EXERCISE DIRECTIONS:
Leave the images out and repeat the data exactly as given.

RECORDED INFORMATION:
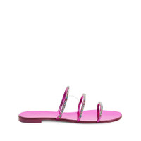 Giuseppe Zanotti Ladies Sandals. SKU: I300017-005-PINK. Color: Pink. Giuseppe Zanotti Dark Colorful Rhinestone-Embellished Sandals. Crafted from mirror-effect synthetic fabric, these shoes feature a silver metal chain adorned with multicoloured rhinestones, a laminated leather sole with a logo, and strap detailing. They have a patent finish, an open toe, a branded leather insole, and a flat leather sole. The slip-on style completes the design. Made in Italy. Please visit the brand website for sizing information. INFORMATION Brand: Giuseppe Zanotti Model: I300017-005-PINK Gender: Womens DETAILS Category: Sandals Color: Pink Upper Material: Polyurethane Sole Material: Leather ADDITIONAL INFO Jomashop Sku: -I300017005PINK Department: Shoes
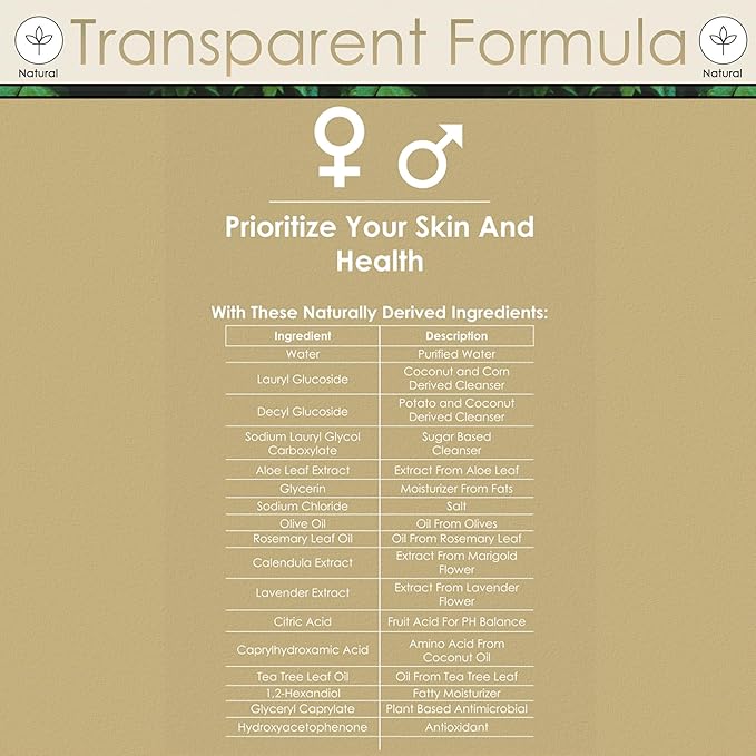 - Nourishing Cleanse: Olive oil, aloe vera extract, and lavender extract leave your skin feeling soft, smooth, and refreshed.
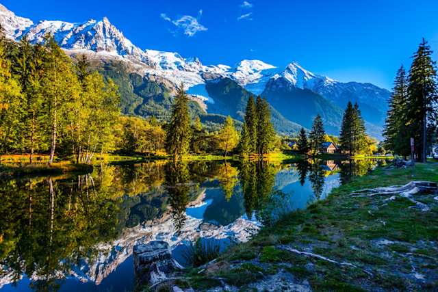 A view of the Alps mountains and green trees reflecting in a lake, Chamonix, France

ANSWER TO THE PROBLEM:
 Giuseppe Zanotti Ladies Sandals. SKU: I300017-005-PINK. Color: Pink. Giuseppe Zanotti Dark Colorful Rhinestone-Embellished Sandals. Crafted from mirror-effect synthetic fabric, these shoes feature a silver metal chain adorned with multicoloured rhinestones, a laminated leather sole with a logo, and strap detailing. They have a patent finish, an open toe, a branded leather insole, and a flat leather sole. The slip-on style completes the design. Made in Italy. Please visit the brand website for sizing information. INFORMATION Brand: Giuseppe Zanotti Model: I300017-005-PINK Gender: Womens DETAILS Category: Sandals Color: Pink Upper Material: Polyurethane Sole Material: Leather ADDITIONAL INFO Jomashop Sku: -I300017005PINK Department: Shoes
 - Nourishing Cleanse: Olive oil, aloe vera extract, and lavender extract leave your skin feeling soft, smooth, and refreshed.
 A view of the Alps mountains and green trees reflecting in a lake, Chamonix, France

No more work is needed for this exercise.